I'm kind of venting in this thread a bit so please forgive me. Maybe somebody else here has experienced this before and can offer some fresh perspective.

I might still feel overly sensitive about this because she is only 2 months old and I'm still a little bit hormonal etc.

We went on my daughters Omiyamairi and my mother-in-law, father-in-law, husband, sister-in-law, baby, and I were there. My SIL was holding the baby a lot of the time while we were waiting in the lobby of the adjacent ceremony hall for the photographer and coordinator lady. The coordinator lady came and automatically assumed that my SIL was my child's mother. She was asking questions about my child directly to my SIL so I came over and tired to interject and answer these questions my self. The coordinator lady completely ignored me and kept maintaining eye contact with everyone else. Then when it was time to go she asked for the "mother" to follow her and when I approached she said "No! No!
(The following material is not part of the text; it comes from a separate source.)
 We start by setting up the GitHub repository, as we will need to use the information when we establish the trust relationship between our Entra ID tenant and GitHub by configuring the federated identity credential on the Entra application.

The mother please!" my family corrected her of course as did I but it some how made my blood boil and my face turned red and I automatically hated this woman. She did not even apologize. She gave a surprised look on her face and kept saying "Really! I'm so Surprised!" we laughed about it including me (but my laughter was an awkward jilted laugh). 
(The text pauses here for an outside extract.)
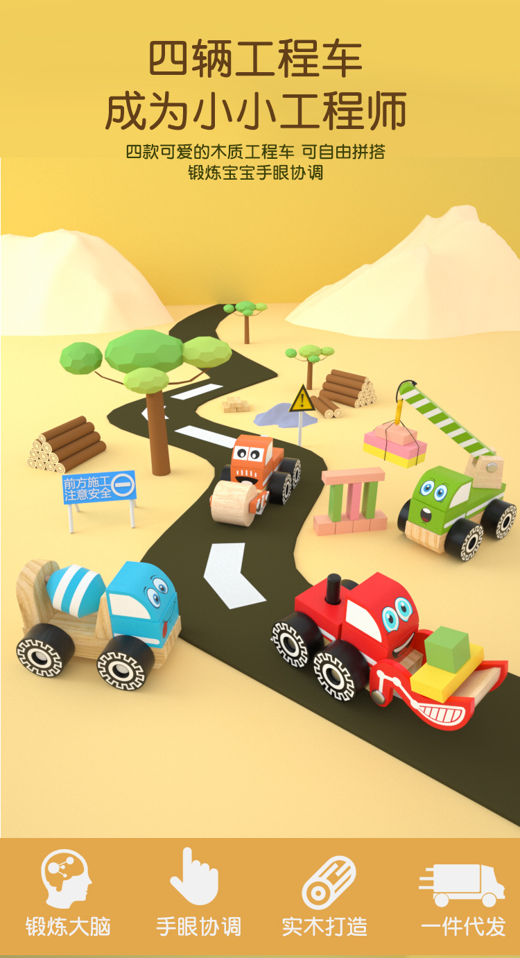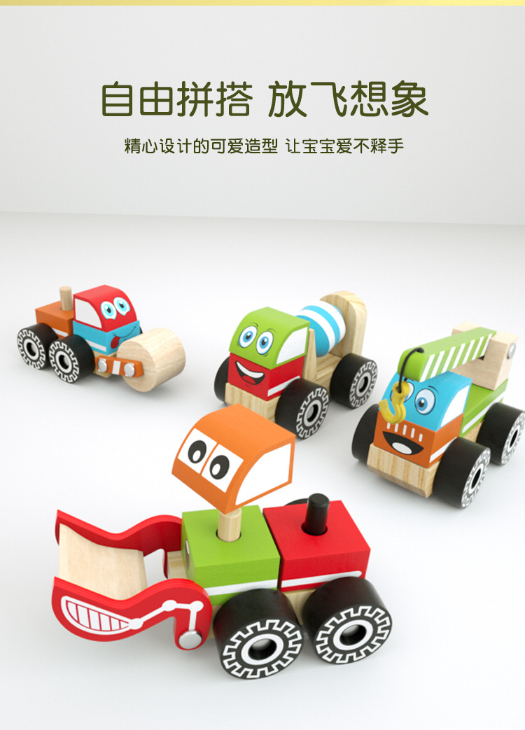 장난감 어린이용 목재 공사차량 나무 조립 조합 목재 블록 크레인 목재차량 모델 제조업체 도매스토어 가기

I think she was rude not to apologize for her mistake but mostly I'm just bothered that my feelings are hurt by something most people would find trivial. I'm not resentful that our daughter takes a lot after her father in the looks department but she does seem to have inherited my chin and my lips. 

Has this kind of thing happened to anybody else here? Does anybody think it's a hormonal thing (like I keep telling myself)?


----------